宵の花嫁ー帝都婚姻録ー

「まあいいや。会議が終わったら帰るよ」
「私は会議に入らないのですか」
「入れない。陰陽寮の機密だから」
「では、どうして連れてきたのですか」

 そう問うと、宵は顔だけ振り返った。

「置いておく方が、危ないから」

 その言葉に、透子の胸の中が小さく波立つ。

「……例の事件ですか」
「八重さんから聞いた?」
「いいえ。女中たちの話を」
「口止めしたのに」

 宵は面倒そうに眉を寄せた。けれど次の瞬間には諦めたように肩を竦める。

「そう。君が次の標的になるかもしれない」
「なぜ、私が」
「南雲家の花嫁だから」

 宵は淡々と言う。

「では、昨日の夜のは――」

 口にした瞬間、自分でもしまったと思った。
 宵の目が鋭く細められる。

「……何で知ってるの」
「え?」
「告発文の話は、君にしていない」

 透子は言葉に詰まった。
 聞いたわけではないし、見たわけでもない。
 ただ昨夜、宵の周囲にまとわりつく見慣れない色を見たのだ。

 それは宵自身の感情ではなかった。誰かから向けられた悪意。鋭く尖った黒が、離れようとせず彼の周囲へまとわりついていた。
 警戒とも苛立ちとも違う。まるで外から投げつけられたもののような色だった。

 だから、何かがあったのだと思ったのだ。
 脅しなのか、警告なのか、そこまでは分からない。

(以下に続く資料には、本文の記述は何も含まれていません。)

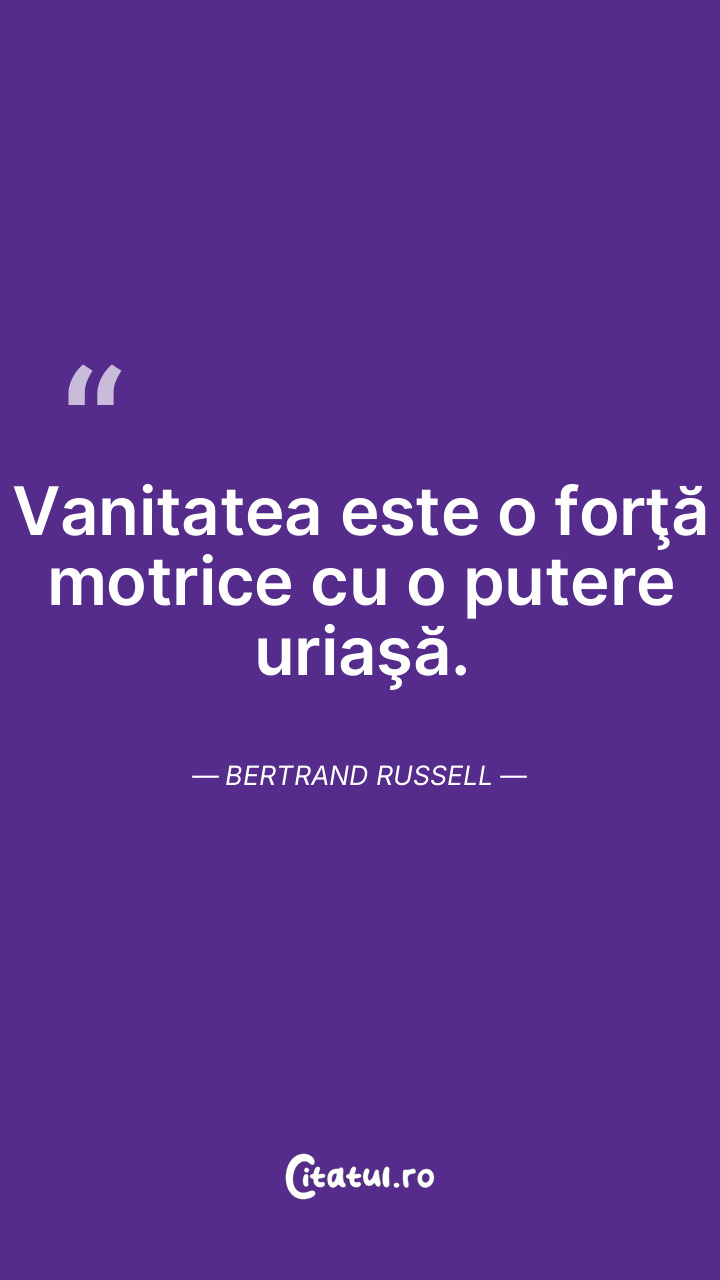Vanitatea este o forţă motrice cu o putere uriaşă. Bertrand Russell
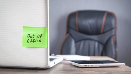 Out of office, message on yellow sticky note. Work from home concept
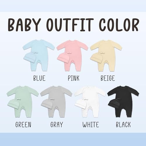 Click for More Images Customized with Love: Personalize your baby's first outfit with their name beautifully printed on the unisex romper and matching hat. Perfect for newborn boys & girls, 0-3 months, and 3-6 months, making it a must-have item...
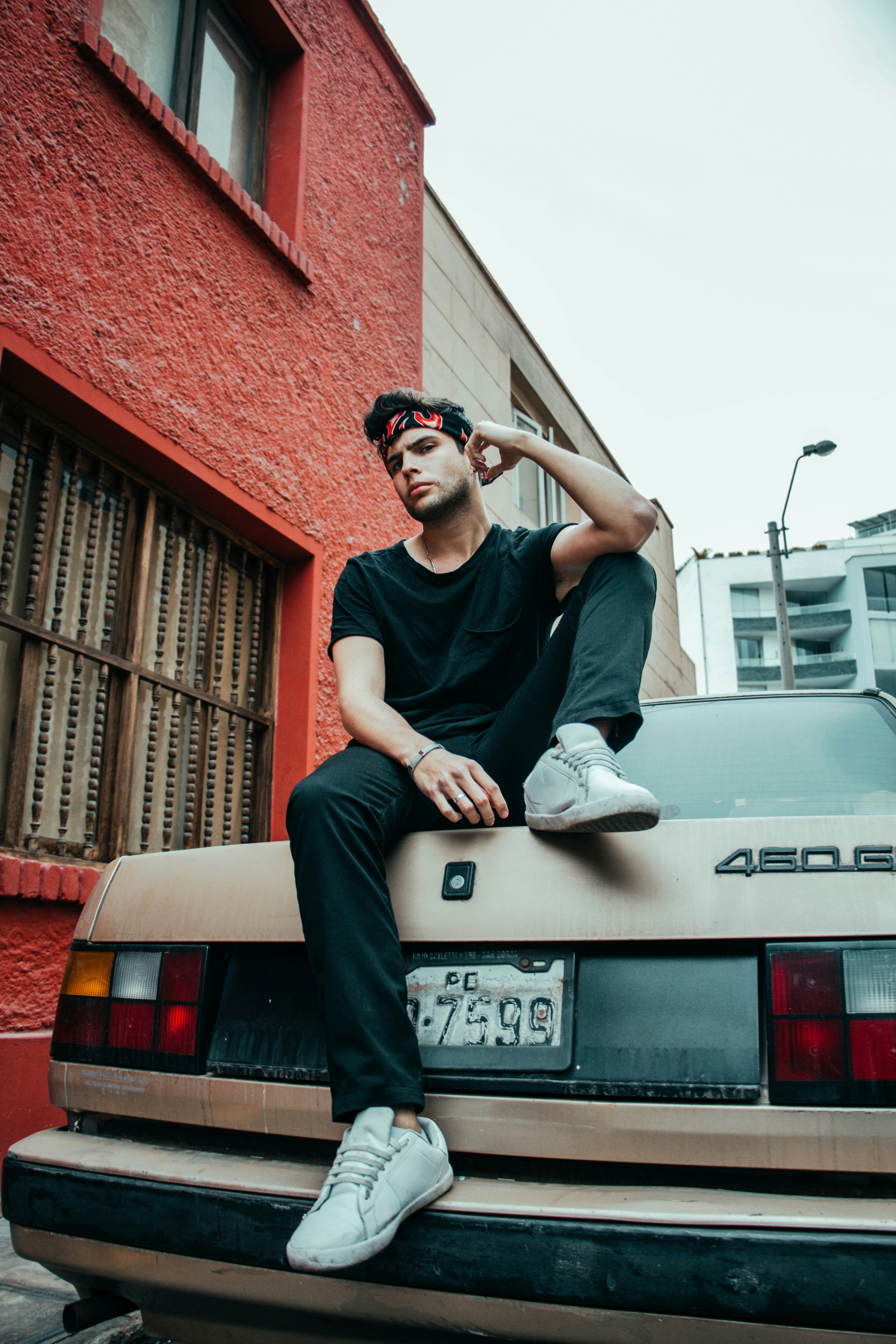 男,男,車,舊,古董,古典,模特,肖像,房子,建筑,紅色,街道,城市,街道,風格,風格,時尚

けれど穏やかな出来事ではないことだけは見て取れた。
 それをどう説明すればいいのか、透子には分からなかった。

「花嫁さん」

 宵が一歩近づく。

「君、何が見えてる?」

 甘い声だった。けれど逃げ道を与えない声でもあった。
 透子は唇を噛む。
 言いたくない。こんな力、役に立たない。気味が悪いと思われるだけだ。そう思いながら生きてきた。
 それでも、宵の視線からは逃げられなかった。

「……孤独が」
「何?」
「人の、孤独や痛みのようなものが、色で見えます」

 宵は黙っていた。
 透子は勇気を振り絞るように続ける。

「本当の心が読めるわけではありません。何を考えているかも分かりません。ただ、どこが痛いのか、どれくらい独りなのかが……少しだけ」

 言い終えた途端、急に怖くなった。
 宵は何も言わない。その沈黙が余計に不安を煽る。
 透子はぎゅっと指を握り締めた。